Expanding that point, depending on your situation, there could be things that necessitate you selling some stock. I always say that your money should be put to work where it’ll work the hardest for you, and if working hard for you means that you need the money for a large expense – then go for it. The alternative would be taking on debt in the form of credit card or a personal loan – and those interest rates I can almost guarantee will be higher than what you’re getting in the stock market. So, if you need the money in this crazy world, I say sell the stock you need to make it happen. After all, your stock money is an investment, it’s there for future growth for when you one day need it. Perhaps that day comes sooner than you expected but at least you’re ready for it!

Where else would you put it?

The other thing I think about a lot is where else would I put my money?

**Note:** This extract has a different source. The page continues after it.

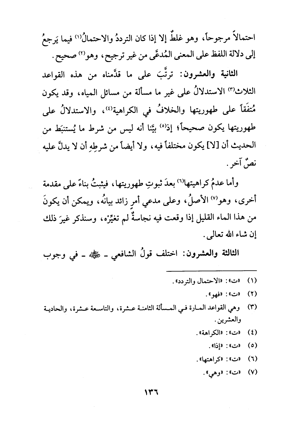 الثانية والعشرون: ترتَّبَ على ما قدَّمناه من هذه القواعد الثلاث (¬3) الاستدلالُ على غير ما مسألة من مسائل المياه، وقد يكون مُتفَقاً على طهوريتها والخلافُ في الكراهية (¬4)، والاستدلالُ على طهوريتها يكون صحيحاً؛ إذ (¬5) بيَّنا أنه ليس من شرط ما يُستنبَط من الحديث أن [لا] يكون مختلفا فيه، ولا أيضاً من شرطِهِ أن لا يدلَّ عليه نص آخر.

Even if I’m super nervous about my stock investments going down, my alternative is to pull it out and park it in a high yield savings account where as of today it might earn 4.5%? Inflation is still pretty high – although I think it peaked last year at 8%, I personally feel (in my own spending) that things are still expensive so it’s gotta be at least 6 or 7% inflation (meaning good and services are 6 or 7% more expensive vs. last year).

$VTI – my favorite index fund where I park my money, grew 19% in 2020, 24% in 2021 and then fell 20% in 2022. Still that’s a great positive return year over year, and let’s be honest – we all probably wanted to panic sell some, if not all in 2020 and 2021 at various times. The market and the economy is just so hard to predict no matter what your feelings are, it can always surprise you. Had I pulled out my money in 2020 and parked it in a savings account to be safe, I would have missed out on that phenomenal return.

Now, there is something to be said about diversifying your overall portfolio – as previously stated as of the last check I was 47% stocks, 47% real estate and 6% cash. But real estate is just as much of an investment as stocks is – and although real estate might be considered ‘less risky’, it’s not as liquid, meaning I can’t easily pull my money out as quickly as I could with stocks. Stocks I can have cash in my bank in probably 3-5 days (several settling periods will occur in between then) but real estate will take as long as it takes to sell the house/land – which could be a few days, a few weeks or even a few months. So, another reason I diversify; stocks might be riskier but where else would I park that money?

HODL / Summary

In a throwback to the crypto days where bitcoin only went up (LOLZ), I for the most part am a fan of holding (or hodling as they say in crypto) onto stocks. Until I find a better place to park my money from a risk/return standpoint (and I don’t think cash is always the answer), I’m going to keep my stocks where they are. I don’t own a lot of individual stocks, I own a balanced amount of stock compared to my overall portfolio and I don’t need that money for the next 2-5 years (that I know of) so I feel good about riding out any downturns. I don’t have a crystal ball so I’m not going to try to sell and re-buy – I’m just going to ride any potential downturn out!